Local Polynomial Lp-norm Regression
Ladan Tazik, James Stafford, John Braun
TL;DR
This work addresses regression under non-Gaussian noise by proposing local polynomial $L_p$-norm regression, replacing the traditional local least squares with a weighted $L_p$ objective under a GED error model. It develops local constant and local linear estimators, derives their asymptotic bias and variance, and provides a data-driven approach to select the shape parameter $p$ via a robust $Q$ method, along with an effective bandwidth rule $h_p$. Theoretical results show asymptotic normality and comparable bias to $L_2$ methods while adapting variance to error moments; simulations and real-data applications demonstrate superior performance of the LLP approach, with promising 2D extensions.
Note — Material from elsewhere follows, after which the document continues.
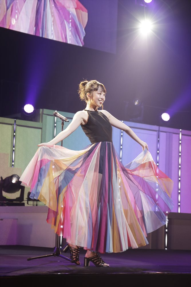 今回のライブの衣装は勝田さんの意見が大きく取り入れられているそうで、最初の黒一色の衣装は、これまでのアンジュルムであまりなかったスタイリッシュな衣装となっている。ソロの衣装も定番のドレスではなく、勝田さんが「希望の虹と大人っぽさ」をイメージしてデザインしたシースルーのスカートをまとった。

The method is complemented by bootstrap confidence bands and practical algorithms, making it a robust alternative for non-Gaussian settings with potentially heavy tails or outliers.
Abstract
The local least squares estimator for a regression curve cannot provide optimal results when non-Gaussian noise is present. Both theoretical and empirical evidence suggests that residuals often exhibit distributional properties different from those of a normal distribution, making it worthwhile to consider estimation based on other norms. It is suggested that $L_p$-norm estimators be used to minimize the residuals when these exhibit non-normal kurtosis. In this paper, we propose a local polynomial $L_p$-norm regression that replaces weighted least squares estimation with weighted $L_p$-norm estimation for fitting the polynomial locally. We also introduce a new method for estimating the parameter $p$ from the residuals, enhancing the adaptability of the approach. Through numerical and theoretical investigation, we demonstrate our method's superiority over local least squares in one-dimensional data and show promising outcomes for higher dimensions, specifically in 2D.